행렬의 로그를 계산하자

지수에 행렬을 올리거나, 행렬의 로그를 계산해보자.

여기의 내용은 [1]을 나름대로 재구성해 봤음. (사실 뭐 문제를 그냥 푼 것에 지나지 않지만-_-)

 


0. notation >

gl(n, C) is the set of n \times n matrices whose entries are complex numbers.
GL(n, C) is the subset of gl(n, C) whose determinant is not zero.
E denotes the identity matrix.

1. definition > matrix exponential, matrix logarithm

\displaystyle \exp A = E + A + \frac{A^2}{2!} + \cdots + \frac{A^n}{n!}+\cdots

\log A is a matrix X such that \exp X = A.

2. properties > properties of exp A

If B \in GL(n, C) , then B(\exp A)B^{-1} = \exp(BAB^{-1}). (easy)
If AB = BA , then \exp(A + B) = (\exp A)(\exp B). (easy)
\det(\exp A) = \exp(\mathrm{Tr} A).
(\because Determinent is product of eigenvalues and trace is sum of eigenvalues)
\therefore \exp A \in GL(n, C) for \forall A \in gl(n, C)
(\exp A)^{-1} = \exp(-A) . (easy)

3. example > calculation of exp A

Let A = \begin{bmatrix} 1&2\\3&4 \end{bmatrix}
The eigenvalues of A are 5, -2. The eignevectors of A are (1, 1), (4, -3).

Let Q = \begin{bmatrix} 1&4 \\ 1&-3 \end{bmatrix} and D = \begin{bmatrix} 5&0 \\ 0&-2 \end{bmatrix}

\therefore Q^{-1}AQ = D \to A = QDQ^{-1}

\exp A = \exp(QDQ^{-1}) = Q(\exp D)Q^{-1}.

Clearly, \exp D = \begin{bmatrix} e^5 & 0 \\ 0 & e^{-2} \end{bmatrix}

\therefore \displaystyle \exp A = \frac{1}{7} \begin{bmatrix} 3e^5 +4e^{-2} & 4e^5 - 4e^{-2} \\ 3e^5 - 3e^{-2} & 4e^5 + 3e^{-2} \end{bmatrix}

4. fact > Jordan canonical form

Every matrix in gl(n, C) is similar to some Jordan canonical matrix.

5. step 1 > log A

Since the upper fact, A is similar to Jordan canonical matrix.
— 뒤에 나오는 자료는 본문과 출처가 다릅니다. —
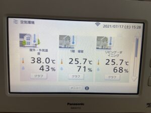 今日も暑くなりました。 今日も体感見学会です。9時半頃の写真ですが暑そうですね( ゚Д゚) 今日は、午前中から外気温31.3℃ 1階25℃ 2階24℃ と1度さです。 段々2階の温度が上がり15時頃同じ温度になるとう […]
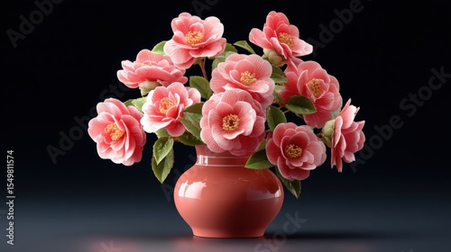 camelia, flower, bouquet, pink, vase, plant, floral, beauty, nature, spring, decoration, still life, arrangement, art, colours, red, home decor, aesthetic, pottery, japanese, chinese, floral pattern, creative, minimalist, modern, elegant, artist, digital artwork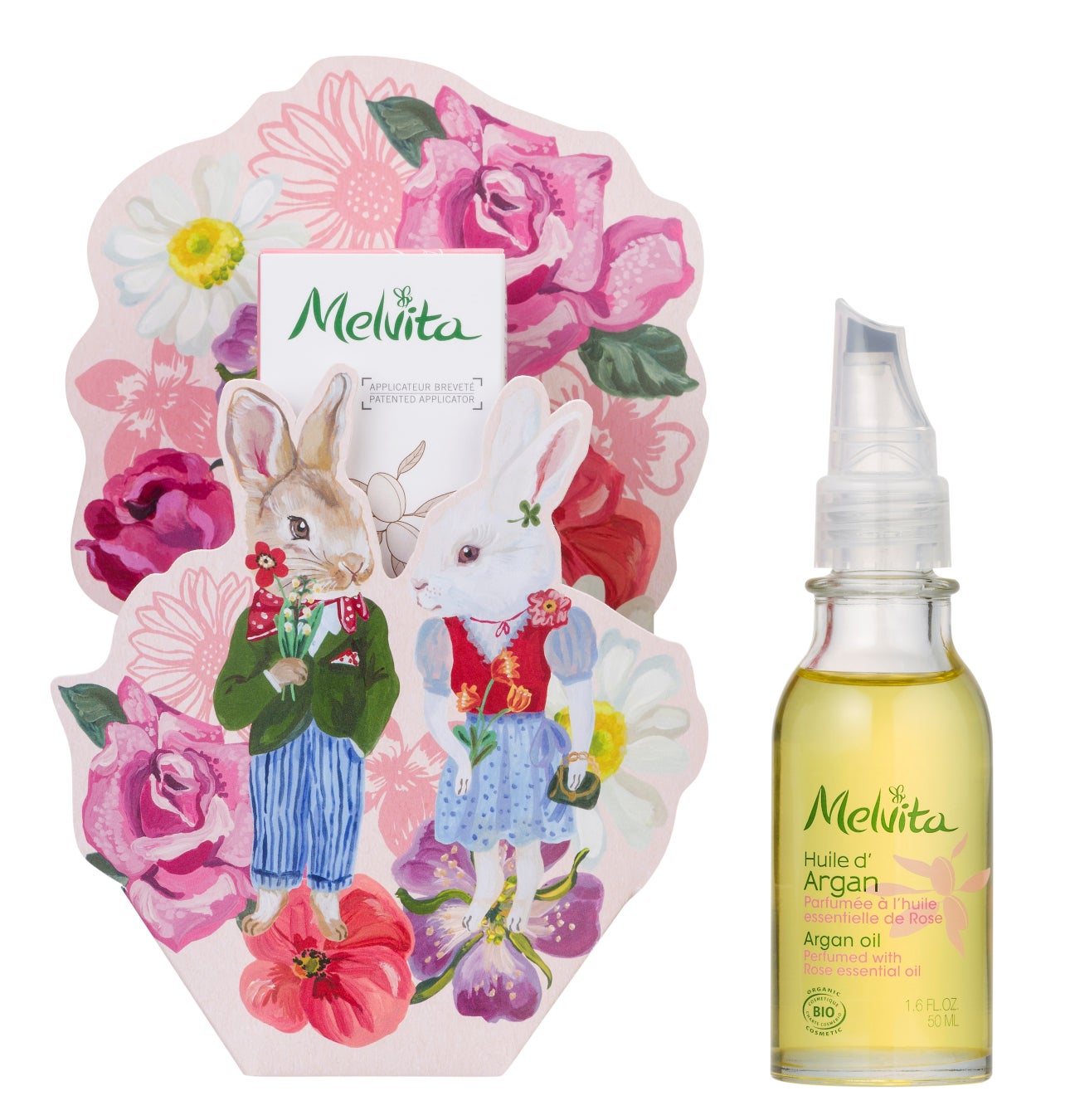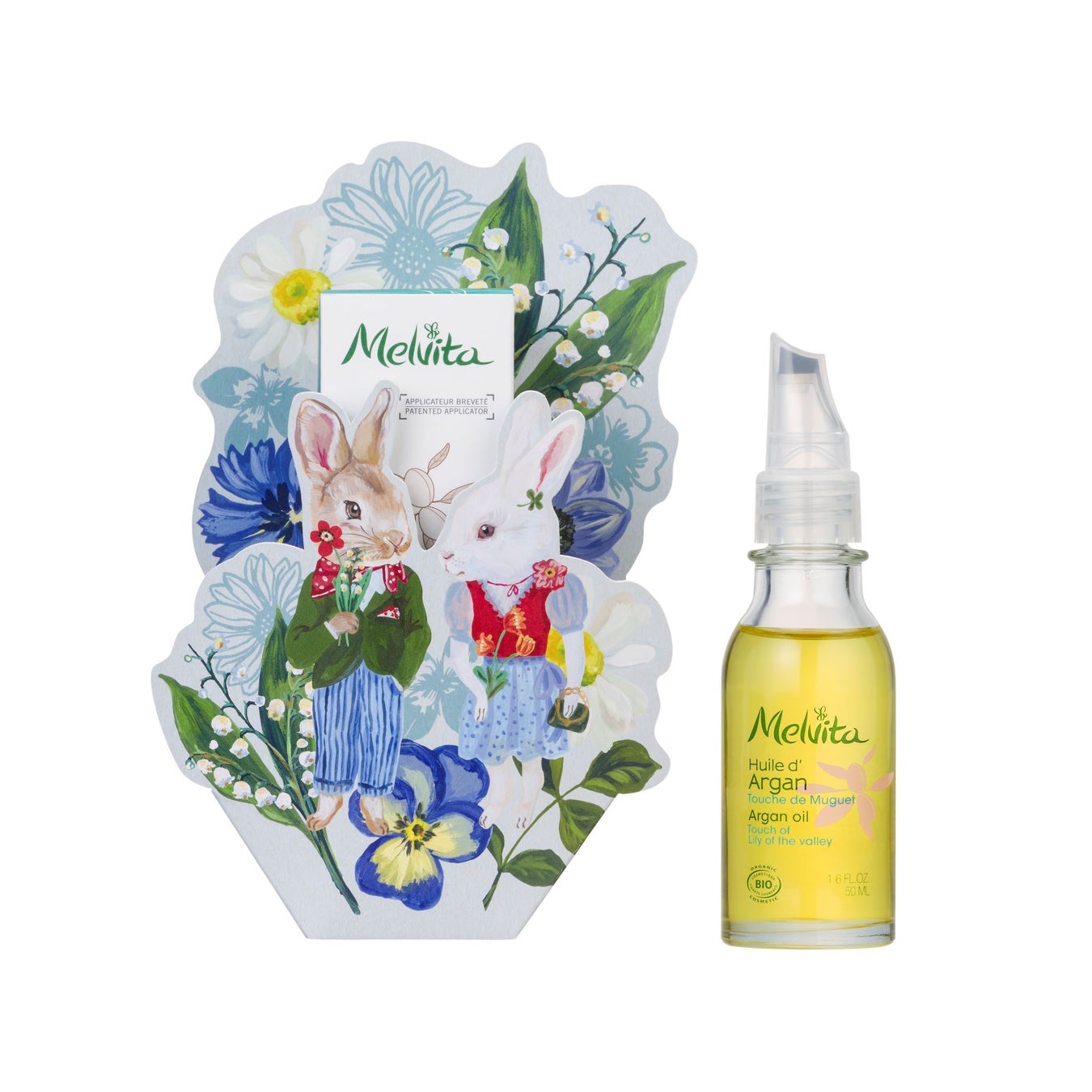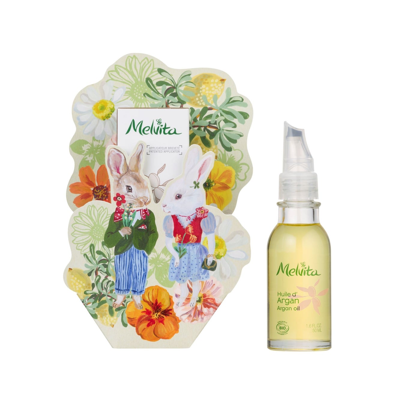 アルデーシュの森の案内人ラパンと、アルガンの実、ローズ、スズランなどが描かれたスリーブをまとった、限定コラボレーションのアルガンオイルが登場。

Let A = QJQ^{-1} where J is Jordan canonical matrix. Since \log A = Q(\log J)Q^{-1}, it is enough to find \exp J.

6. step 2 > log J

Let A_i be an Jordan block matrix of Jordan canonical matrix J . then

\log J = \begin{bmatrix} \log A_1 & & & \\ & \log A_2 & & \\ & & \cdots & \\ & & & \log A_s \end{bmatrix}

it is enough to find \log A_s where A_s is Jordan block matrix.

7. step 3 > log As

Write A_s as (\lambda E) N where the diagonal entries of N are 1’s. Let \lambda E = \exp X_1 , and N = \exp X_2 . Since X_1 is diagonal, X_1 X_2 = X_2 X_1 .
\therefore \exp(X_1 + X_2 ) = A_s . it is enough to find \log N .

8. step 4 > log N

Observe that since sufficiently high powers of the difference E - N vanishes, N has logarithm.

\displaystyle \log N = - \sum_{k=1}^{\infty}\frac{(E-N)^k}{k}

Use formal power series argument to show that \exp(\log N) = N .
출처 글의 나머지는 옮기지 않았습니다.